Imagine repeatedly lifting 165 times your weight without breaking a sweat — a feat normally reserved for heroes like Spider-Man.

Rutgers University-New Brunswick engineers have discovered a simple, economical way to make a nano-sized device that can match the friendly neighborhood Avenger, on a much smaller scale. Their creation weighs 1.6 milligrams (about as much as five poppy seeds) and can lift 265 milligrams (the weight of about 825 poppy seeds) hundreds of times in a row.

Its strength comes from a process of inserting and removing ions between very thin sheets of molybdenum disulfide (MoS2), an inorganic crystalline mineral compound. It’s a new type of actuator – devices that work like muscles and convert electrical energy to mechanical energy.

The Rutgers discovery — elegantly called an “inverted-series-connected (ISC) biomorph actuation device” — is described in a study published online today in the journal Nature.

“We found that by applying a small amount of voltage, the device can lift something that’s far heavier than itself,” said Manish Chhowalla, professor and associate chair of the Department of Materials Science and Engineering in the School of Engineering. “This is an important finding in the field of electrochemical actuators.

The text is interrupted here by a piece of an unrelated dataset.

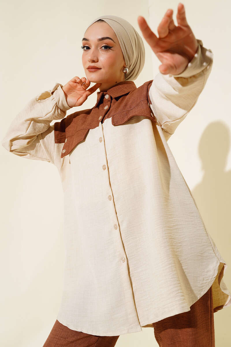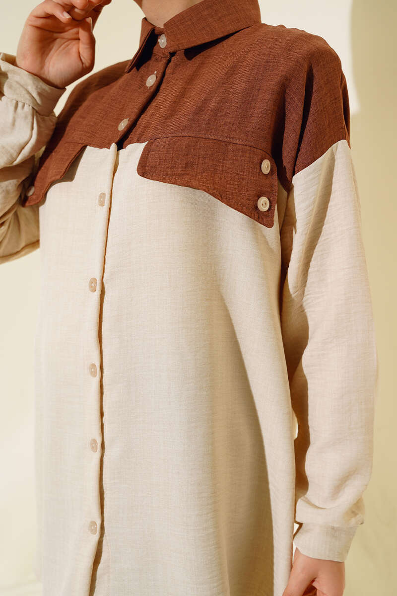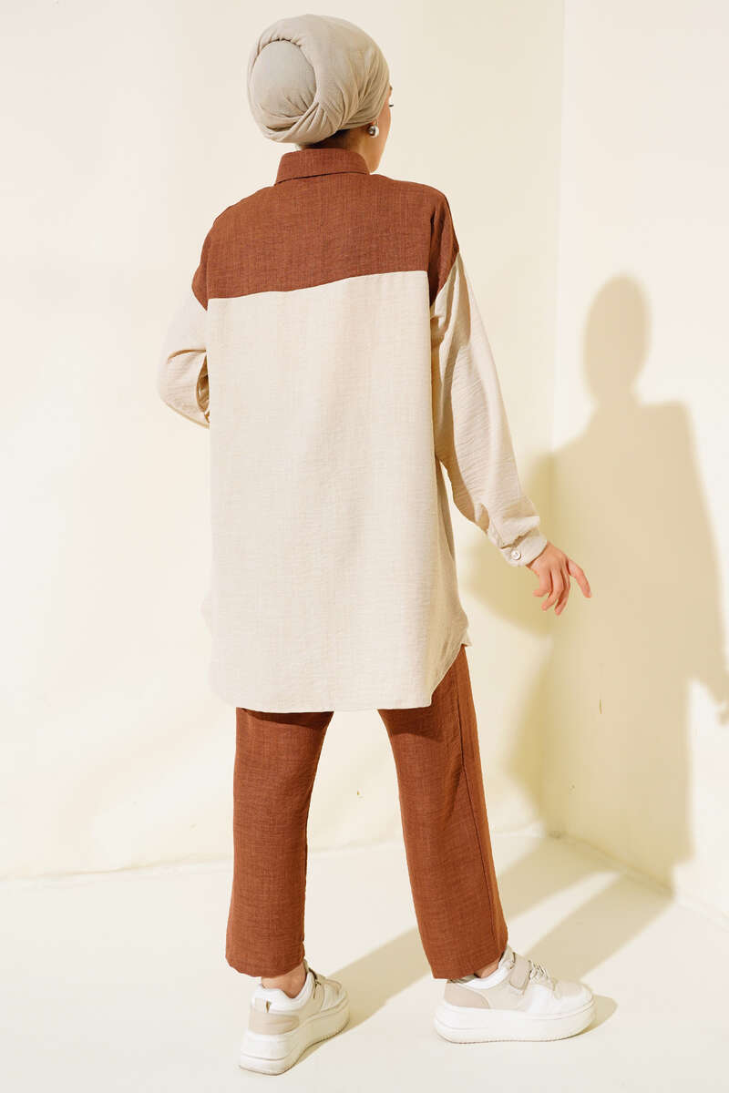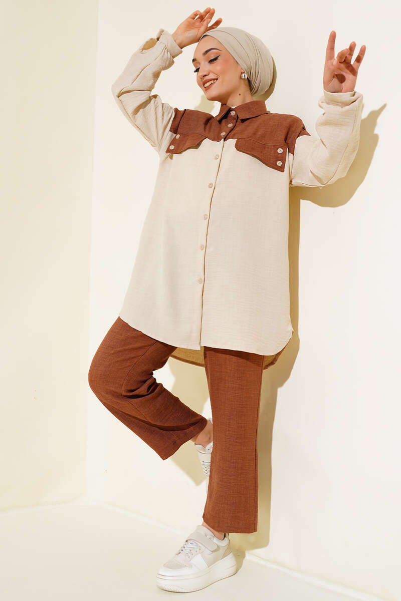 Cep Kapak Detaylı Keten İkili Takım Kahve

The simple restacking of atomically thin sheets of metallic MoS2 leads to actuators that can withstand stresses and strains comparable to or greater than other actuator materials.”

Actuators are used in a wide variety of electromechanical systems and in robotics. They have applications such as steerable catheters, aircraft wings that adapt to changing conditions and wind turbines that reduce drag, the study notes.

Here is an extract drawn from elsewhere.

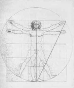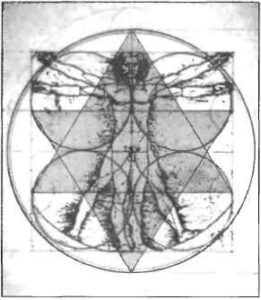 Если вы стоите на выпрямленных ногах, вытянув руки в стороны, то вокруг вашего тела формируется квадрат или куб, как это показано на рисунке Леонардо. (Рис. 5. Леонардо да Винчи. Изображение человека.)

The discovery at Rutgers University-New Brunswick was made by Muharrem Acerce, study lead author and a doctoral student in Chhowalla’s group, with help from E. Koray Akdo?an, teaching assistant professor in Department of Materials Science and Engineering, said Chhowalla, senior author of the study.

Molybdenum disulfide — a naturally occurring mineral — is commonly used as a solid-state lubricant in engines, according to Chhowalla, who also directs the Rutgers Institute for Advanced Materials, Devices and Nanotechnology. It’s a layered material like graphite, with strong chemical bonding within thin layers but weak bonding between the layers. Thus, individual layers of MoS2 can be easily separated into individual thin sheets via chemistry.

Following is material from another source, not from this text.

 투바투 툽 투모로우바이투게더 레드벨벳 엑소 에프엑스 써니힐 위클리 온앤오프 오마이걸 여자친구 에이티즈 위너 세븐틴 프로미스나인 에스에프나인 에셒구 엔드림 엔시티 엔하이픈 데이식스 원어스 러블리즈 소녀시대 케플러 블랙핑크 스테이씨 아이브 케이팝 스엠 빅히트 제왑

The extremely thin sheets, also called nanosheets, remain suspended in solvents such as water. The nanosheets can be assembled into stacks by putting the solution onto a flexible material and allowing the solvent to evaporate. The restacked sheets can then be used as electrodes — similar to those in batteries – with high electrical conductivity to insert and remove ions. Inserting and removing ions leads to the expansion and contraction of nanosheets, resulting in force on the surface. This force triggers the movement — or actuation — of the flexible material.

Chhowalla and his group members found that their MoS2-based electrochemical device has mechanical properties such as stress, strain and work capacity that are extraordinary considering the electrodes are made by simply stacking weakly interacting nanosheets.

“The next step is to scale up and try to make actuators that can move bigger things,” Chhowalla said.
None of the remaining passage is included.